In some cases, it may be interesting to plot or analyse the average shapes of signal segments as well as the intra- or inter-participant variability at different points. Time normalisation also makes this possible because all the curves are exactly the same length, so we can calculate an average and standard deviation for each sample of normalised time. In the graph below, we see a common representation of this (mean ± 2SD) for the three jumps in our example.

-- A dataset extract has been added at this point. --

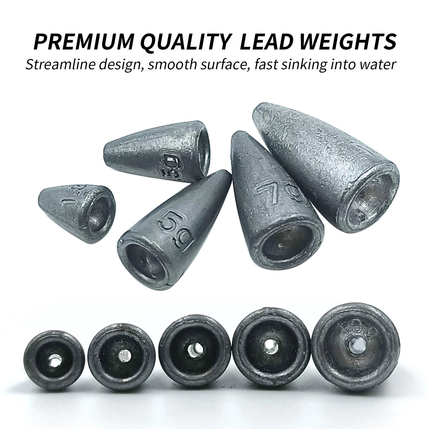 PESOS DE PLOMO DE CALIDAD PREMIUM: hechos de materiales de alta calidad y el recuento es preciso, el acabado del peso de pesca es suave, el molde de peso es agradable, pulido con superficie desbarbada. Sin flash moldeado, muy uniforme en longitud y sin huecos en la correa.

Challenge #3: At 0%, 100% and approximately 25% of loading time in the curve above, the shaded area of the curve collapses down to negligible size. How would you explain this? Clue: each instance might be for a different reason
In some biomechanical analyses, multiple signals are time-normalised and plotted together in arrays of plots. The plot below shows a portion of a typical array of kinematics plots for a clinical gait analysis. Here the grey shaded curves are reference values (2 standard deviations about a mean curve) from a database of typically developed children. The red lines represent the left leg during left side gait cycles, and the green lines represent the right leg during right side gait cycles. The vertical lines represent the time normalised foot off event during the respective gait cycles.
There are many ways that one can use time-normalisation for biomechanical visualisations. The graph above illustrates how time-normalised curves can be used to compare left and right side asymmetries, as well as deviations from reference data of other people. Similarly, it is possible to plot two test sessions together to compare changes over time. In some cases, you may want to plot one time-normalised signal relative to another (coordination plots instead of signal-time plots), or to plot all the individual curves for multiple participants in an entire research study to visually identify outliers (very helpful when cleaning and/or checking data).
Time normalised signals can also be used for numerical analysis. With time-normalisation it becomes possible to perform calculations with signals which were measured at different frequencies, at different times (left vs right gait cycles) or even in different sub-phases. Besides performing basic element-wise arithmetics with time-normalised signals (addition, subtraction, multiplication etc), it has also become quite common to perform statistical comparisons of time-normalised signals in biomechanics. This topic is beyond the scope of this post, but the interested reader is encouraged to investigate Statistical Parametric Mapping (SPM analysis) for more details.
Signal segmentation is very commonly used in biomechanical analysis for analysing and comparing signals during a particular movement phase. This technique is particularly useful when visually inspecting multiple test sessions and/or participants for trends or outliers. It reduces time-shift when comparing movements performed at different speeds and makes it possible to calculate average segment signals, as well as signal variability at different points in the movement phase. As shown in this post, the choice of movement sub-phase for time-normalisation is very important because it can over- or under-emphasise temporal shifts.